'''

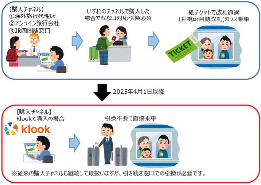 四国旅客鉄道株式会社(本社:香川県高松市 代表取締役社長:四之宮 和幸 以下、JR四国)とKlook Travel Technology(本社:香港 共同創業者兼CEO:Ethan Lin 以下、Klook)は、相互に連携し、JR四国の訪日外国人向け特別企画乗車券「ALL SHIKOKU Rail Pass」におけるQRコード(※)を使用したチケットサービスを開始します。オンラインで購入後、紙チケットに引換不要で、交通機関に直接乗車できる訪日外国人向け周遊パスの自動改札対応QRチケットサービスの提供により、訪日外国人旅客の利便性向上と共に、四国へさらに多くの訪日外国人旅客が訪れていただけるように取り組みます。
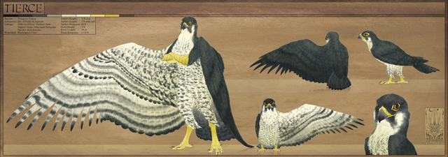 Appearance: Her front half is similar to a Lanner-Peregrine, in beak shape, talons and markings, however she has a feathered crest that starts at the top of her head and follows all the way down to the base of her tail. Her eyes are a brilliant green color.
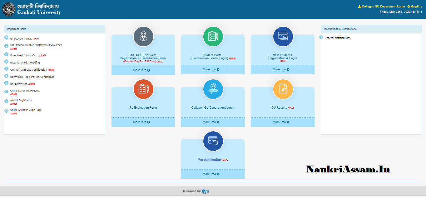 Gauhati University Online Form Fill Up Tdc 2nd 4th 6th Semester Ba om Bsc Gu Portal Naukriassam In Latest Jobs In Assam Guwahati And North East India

'''
'''

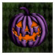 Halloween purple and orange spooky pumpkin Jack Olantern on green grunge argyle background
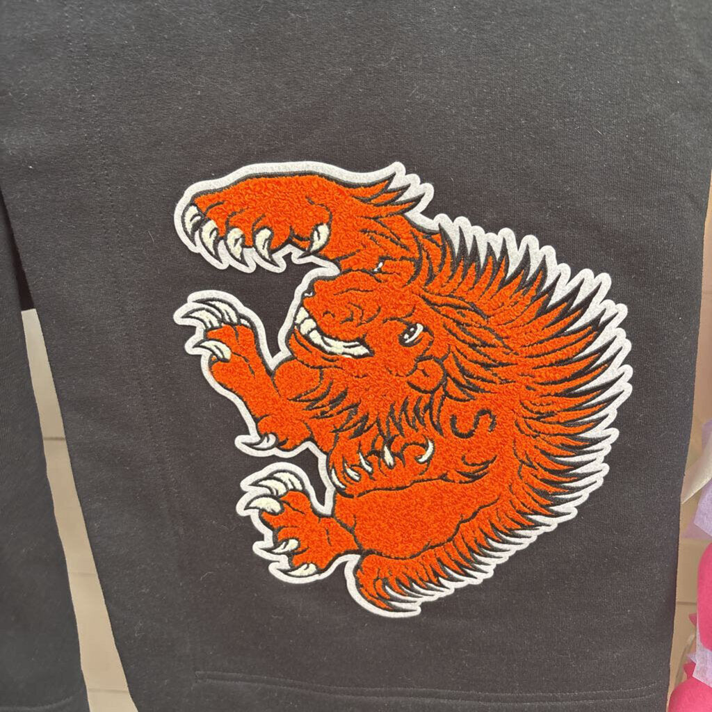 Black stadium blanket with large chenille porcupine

'''
'''

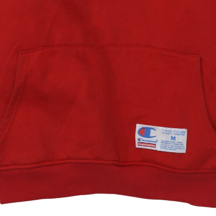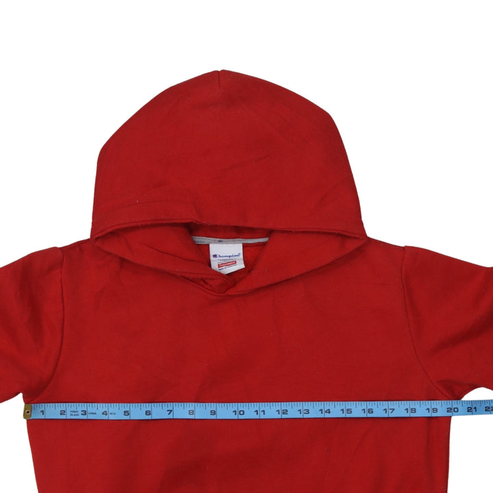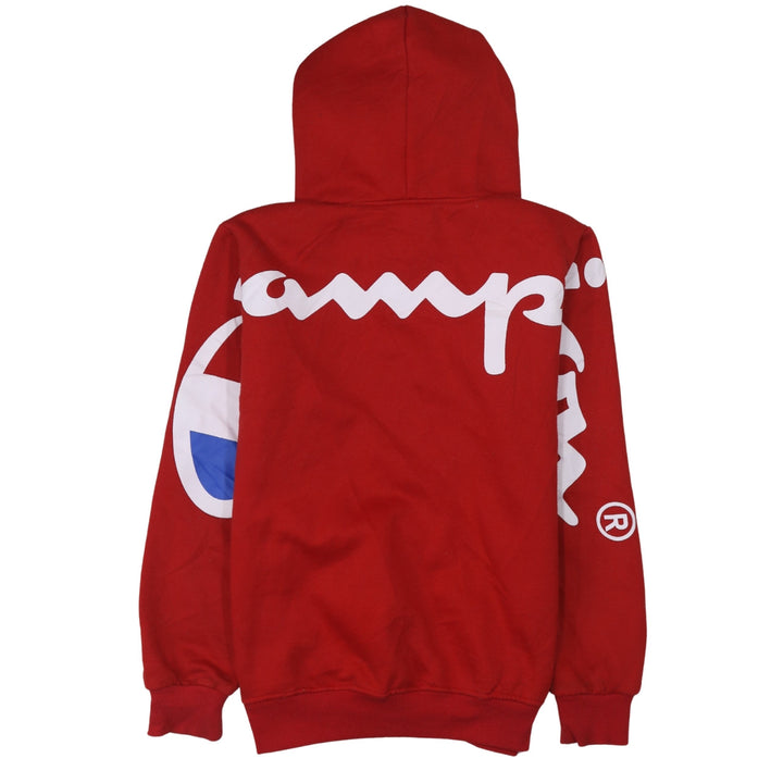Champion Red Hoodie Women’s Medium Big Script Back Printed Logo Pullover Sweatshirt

'''

About this task:
In the entries above, find the line containing "Halloween purple and" and the line containing "Black stadium blanket"; give again exactly those two lines and every line between them, minus the pictures.

Solution to the problem:
 Halloween purple and orange spooky pumpkin Jack Olantern on green grunge argyle background
 Black stadium blanket with large chenille porcupine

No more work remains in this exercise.